Growing business operational structure is the deliberate design of how work moves, how decisions get made, and how accountability is defined as a company scales. Without it, founders continue filling the gaps informally long past the point where that is sustainable. Structure replaces proximity and allows teams to move without the founder in every room.
What Question Should Founders Ask About Business Operations?
Most founders in this situation ask:
what is going wrong?
The more useful question is:
what is this business still relying on me to hold together that a structure could hold instead?
That single shift changes where you look for answers.
Reflection Questions for Growing Businesses
At what size did your business start to feel harder to run than it used to?
Where do decisions slow down, and what does that reveal about how authority is defined?
What are you still personally holding together that a structure could hold instead?
What would need to be true for your team to move without you in the room?
Growth Reveals Structure, Not Weakness
TThe twenty-person wall is not really about headcount.
It is the moment when the gap between how the business was built and how it now needs to operate becomes visible.
Founders who move through it well are not the ones who work harder or hire faster.

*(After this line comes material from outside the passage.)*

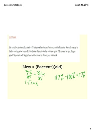 This document contains notes from a math lesson on using percentages to solve word problems. It includes examples of using the part-to-whole percentage calculation to find total amounts when given a percentage. There are also practice problems for students to solve using mental math that involve calculating total values when given that a number is a certain percentage of the total. The document closes by asking students to reflect on different methods for solving percentage problems.
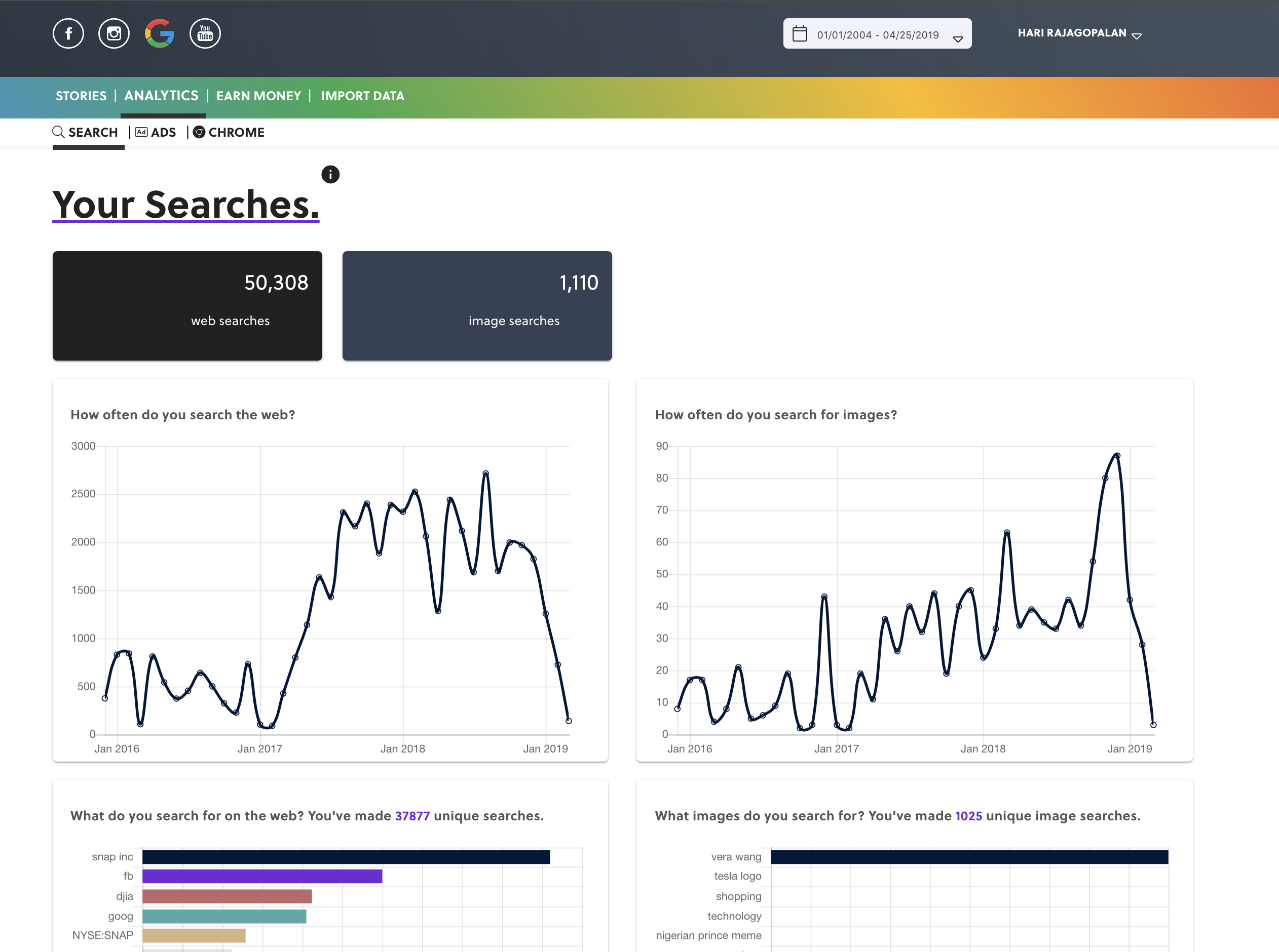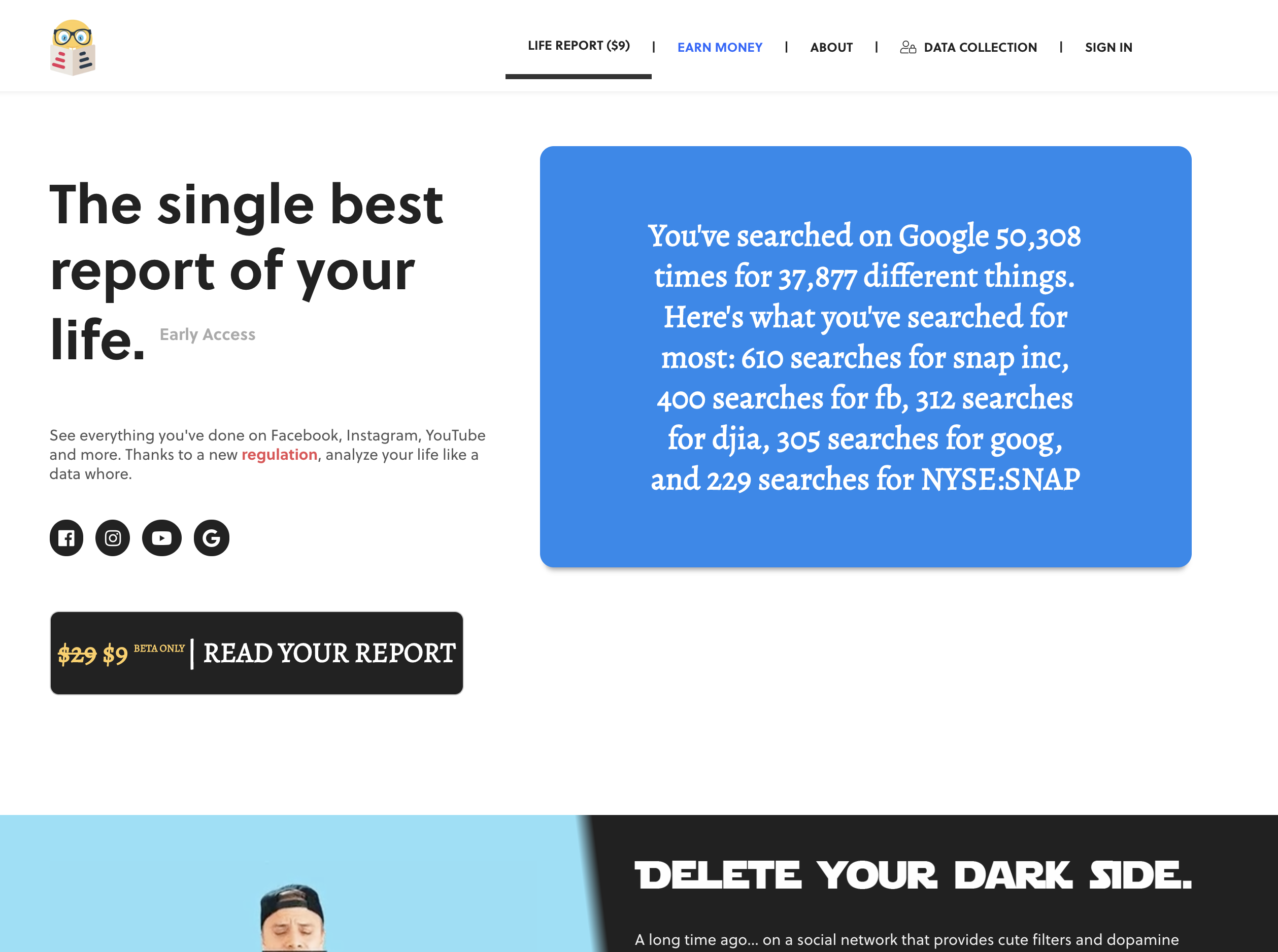 Built by ex-Googlers who previously worked on analytics, we're helping people analyze and sell their own data. Analyze yourself like never before with the world's best report on yourself. Sell your data directly to companies. Who said you wasted all that time on social media?

They are the ones who stop and ask: what does this business actually need to carry its own weight?
That question, asked early enough, changes everything.
You Don’t Need to Solve This All at Once
If this resonated, that is enough for now.
Awareness comes first. Clarity follows. Change comes later.
When you are ready to look at the structure underneath your business, that is where the real work begins.
When you're ready, you can reach out at SOLVED Collective.
Frequently Asked Questions
Why does my business feel harder to manage as it grows?
Because the informal systems that held everything together when the business was small stop working as the distance between the founder and the work increases. The founder used to fill every gap by proximity. As the team grows that proximity disappears and nothing has been designed to replace it. The work is not harder but the business becomes harder to run.
What is growing business operational structure and why does it matter?
Growing business operational structure is the deliberate design of how work moves, how decisions get made, and how accountability is defined as a company scales. Without it, founders continue filling the gaps informally long past the point where that is sustainable. Structure replaces proximity and allows teams to move without the founder in every room.
When should a founder start thinking about operational structure?
Earlier than most do. The signal is usually when decisions start traveling upward, teams begin waiting rather than moving, and the founder ends up more involved not less despite the team growing. That pattern is not a people problem. It is a structural signal that the business has outgrown the informal systems holding it together.
How do I know if my business needs better operational systems?
You will notice decisions consistently coming to you that should not require your input. Your team will wait for direction on things they should handle independently. Communication between departments will break down frequently. You will feel more involved in daily operations despite having more people on your team. These are signs that your business has outgrown informal systems and needs intentional structure.
What happens if I ignore structural problems in my growing business?
The gap between your capacity and your business needs will keep growing. You will work longer hours but see diminishing returns. Good team members will leave because they lack clarity on decision-making authority. Growth will slow because every decision still requires your involvement. Eventually, the business stops scaling because the founder becomes the bottleneck.
Can I build operational structure without losing company culture?
Yes. Structure supports culture, it does not replace it. Good operational systems give your team clarity on how to make decisions, where to find information, and how work moves through the business. This creates space for your culture to thrive because people spend less time confused and more time doing meaningful work. Structure is not bureaucracy when designed well.